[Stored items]
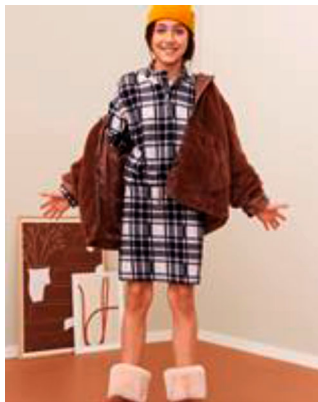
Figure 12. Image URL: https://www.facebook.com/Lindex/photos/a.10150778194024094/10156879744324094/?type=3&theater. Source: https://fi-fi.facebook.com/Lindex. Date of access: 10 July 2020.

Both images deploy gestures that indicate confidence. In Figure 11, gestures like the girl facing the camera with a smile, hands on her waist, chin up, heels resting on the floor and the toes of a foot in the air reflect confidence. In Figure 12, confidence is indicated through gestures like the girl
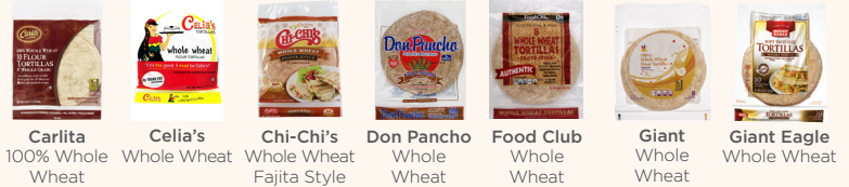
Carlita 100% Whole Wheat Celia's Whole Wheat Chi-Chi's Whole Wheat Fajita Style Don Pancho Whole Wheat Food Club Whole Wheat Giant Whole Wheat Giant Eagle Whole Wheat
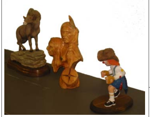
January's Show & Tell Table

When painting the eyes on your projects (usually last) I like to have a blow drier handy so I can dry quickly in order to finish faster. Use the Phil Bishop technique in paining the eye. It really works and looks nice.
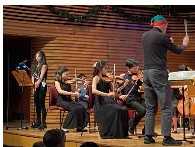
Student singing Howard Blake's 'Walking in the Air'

YOUR TASK
Please retype the data exactly as it appears, but without any of its pictures.

EXERCISE RESPONSE
Figure 12. Image URL: https://www.facebook.com/Lindex/photos/a.10150778194024094/10156879744324094/?type=3&theater. Source: https://fi-fi.facebook.com/Lindex. Date of access: 10 July 2020.

Both images deploy gestures that indicate confidence. In Figure 11, gestures like the girl facing the camera with a smile, hands on her waist, chin up, heels resting on the floor and the toes of a foot in the air reflect confidence. In Figure 12, confidence is indicated through gestures like the girl
Carlita 100% Whole Wheat Celia's Whole Wheat Chi-Chi's Whole Wheat Fajita Style Don Pancho Whole Wheat Food Club Whole Wheat Giant Whole Wheat Giant Eagle Whole Wheat
January's Show & Tell Table

When painting the eyes on your projects (usually last) I like to have a blow drier handy so I can dry quickly in order to finish faster. Use the Phil Bishop technique in paining the eye. It really works and looks nice.
Student singing Howard Blake's 'Walking in the Air'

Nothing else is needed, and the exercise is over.